The outside air had been completely still until suddenly the wind came up ...strong! The house was open and it was beginning to rain, so we were scrambling to close windows and secure the place. Mom headed out into the attached garage to close down the garage door, telling Connie and I to close the bedroom windows. (At this point in the story I see Auntie Em in the Wizard of Oz trying to get everyone safe in the path of the oncoming tornado!)

We headed down the hallway toward the bedrooms, arriving at the spot where the doors opened into separate bedrooms. The most unbelievable roar greeted us there. 50+ years later I can still hear the unearthly howl of the wind. At the time Connie and I would have been 8 and 10 years of age so we had no understanding of what was happening, all we knew is that we were very scared.

We both share the same recollection, although neither of us knows to this day exactly what transpired. We threw our arms around each other, screaming in each other's ears, terrified and confused. We both remember the feeling of bumping the top of our heads, but to this day we are unsure whether we were lifted off the floor and hit our heads on the ceiling or if there was a downward pressure that made it feel that way. This seemed to go on for a long time but in reality I'm sure it was less than a minute. Our perception of time is skewed at this point.

Needless to say, Mom came rushing back into the house to gather her little chicks and take us all to the basement. What a terrifying experience for a young mother!

Just as quickly as the wind came up and the roar commenced, it was over, leaving behind an eerie calm. It was time to survey the aftermath and try to make sense of what had happened.

We had experienced a tornado! It came from the southwest, right through our backyard, narrowly missing the northwest corner of the house. It bounced around in our yard, picking up our swing set and BBQ grill as it went, relocating the neighbor's garage a few feet off the foundation, destroying another neighbor's storage shed, then headed north down the street where it spit out the swings and grill. 

During that summer, Dad was in the process of having a new shop built, a steel structure, about 2 blocks north of our house, currently known as the Springview Implement. He and a friend were at the building site checking on progress when the weather got wild. Instinct told them to get out, so they ran for their vehicles, getting inside just as the tornado hit the building, flinging steel siding every which way. The building was a mass of twisted steel in a few short minutes, but fortunately they weren't hurt. 

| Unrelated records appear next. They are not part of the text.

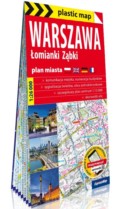 Jak najszybciej dojechać na Stadion Narodowy? Gdzie zaparkować w okolicy Starówki? Dwustronnie foliowany, trwały plan Warszawy pomoże odnaleźć się w stolicy. Na planie zamieszczono: szczegółowy rysunek zabudowy wraz z numeracją budynków wzdłuż ulic i na osiedlach, linie autobusowe i tramwajowe wraz z przystankami, linie metra, Szybkiej Kolei Miejskiej (SKM) i Warszawskiej Kolei Dojazdowej (WKD), sygnalizację świetlną, ulice jednokierunkowe, parkingi, bogatą treść turystyczna, m.in.: zabytki, muzea, hotele i inne istotne obiekty, budynki użyteczności publicznej, centra handlowe, szczegółowy plan centrum w skali 1:13 000 (1 cm 130 m), skorowidz ulic. x
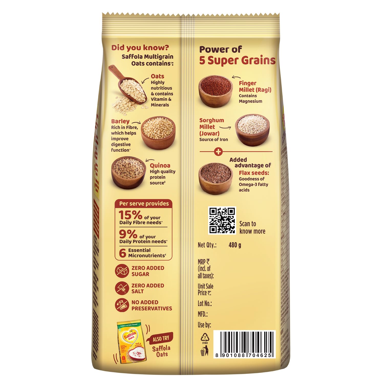 Saffola Oats Multigrain has goodness of 5 super grains + Flax seeds now in one bowl!! Made with 5 Super Grains + Flax seeds for sugar conscious diet, helps reduce cholesterol, aids weight management, helps reduce risk of high BP, aids digestion 5 Super Grains – Oats, Ragi, Quinoa, Jowar, Barley. Oats – Highly nutritious and contains vitamins and minerals Ragi – Contains Magnesium Quinoa – High quality protein source Jowar – Source of Iron Barley – Rich in Fibre, which helps improve digestive function It also has an added advantage of Flax seeds which has goodness of Omega 3- fatty acids It contains Zero Added Sugar, Zero Added Salt, No Added Preservatives
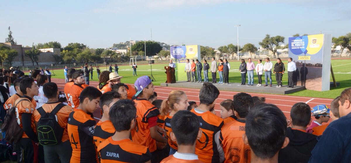 Querétaro, 1 de Octubre.- Con una inversión de 34 millones de pesos, fue inaugurada por autoridades municipales y directivos del Instituto Tecnológico de Querétaro (ITQ) la Unidad Deportiva El Pocito.
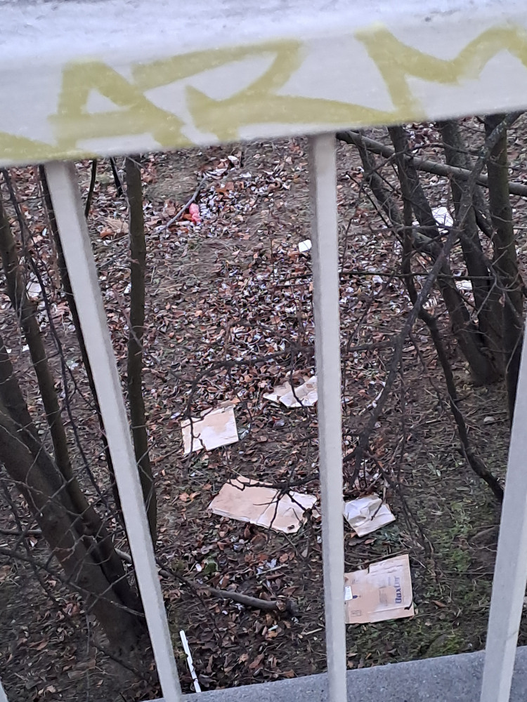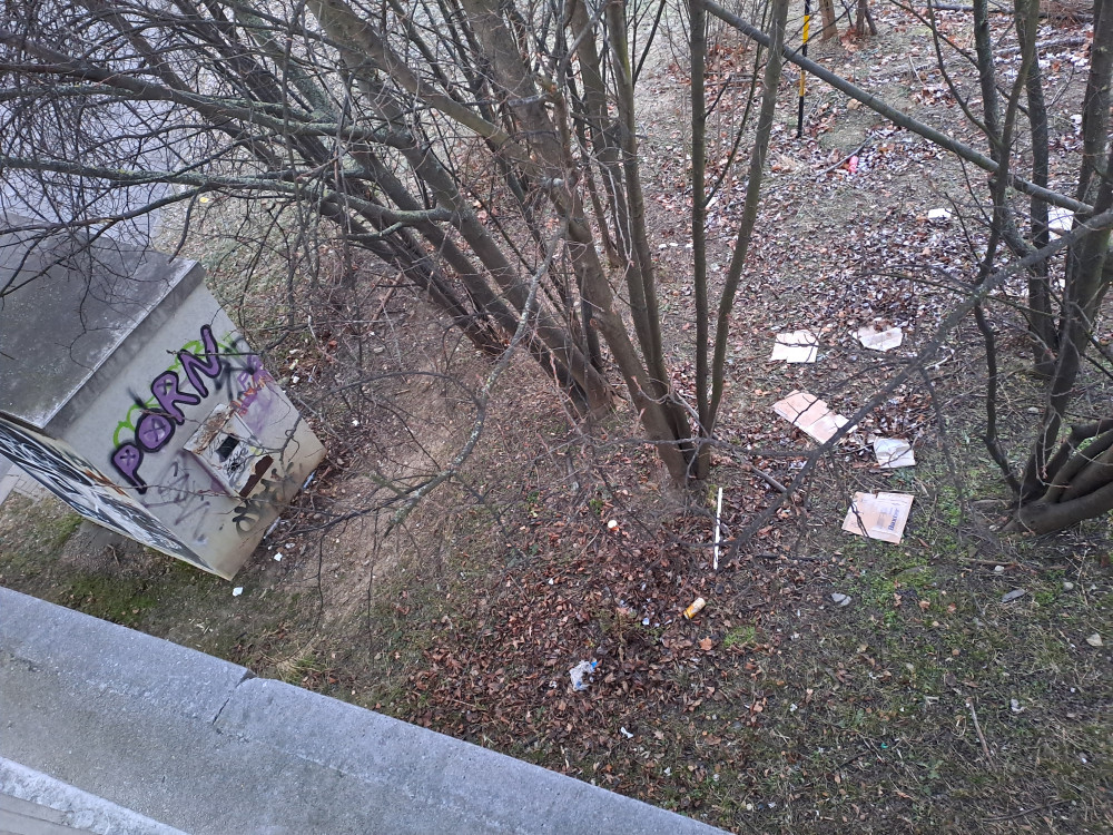 Nepořádek na úpatí mostu pro pěší, ve svahu za WC řidičů MHD

The tornado then skipped through town doing very little more damage but depositing the steel from the shed here and there before moving on. We were left with the feeling that we had been targeted by that tornado as it almost got our house and demolished the partially finished shop building.

That experience, while too close for comfort, didn't really make me appreciate the gravity of what could have been. We were too young to realize that we could have lost our home and our lives. But you can be sure that when there are tornado warnings issued I have an eye to the sky.   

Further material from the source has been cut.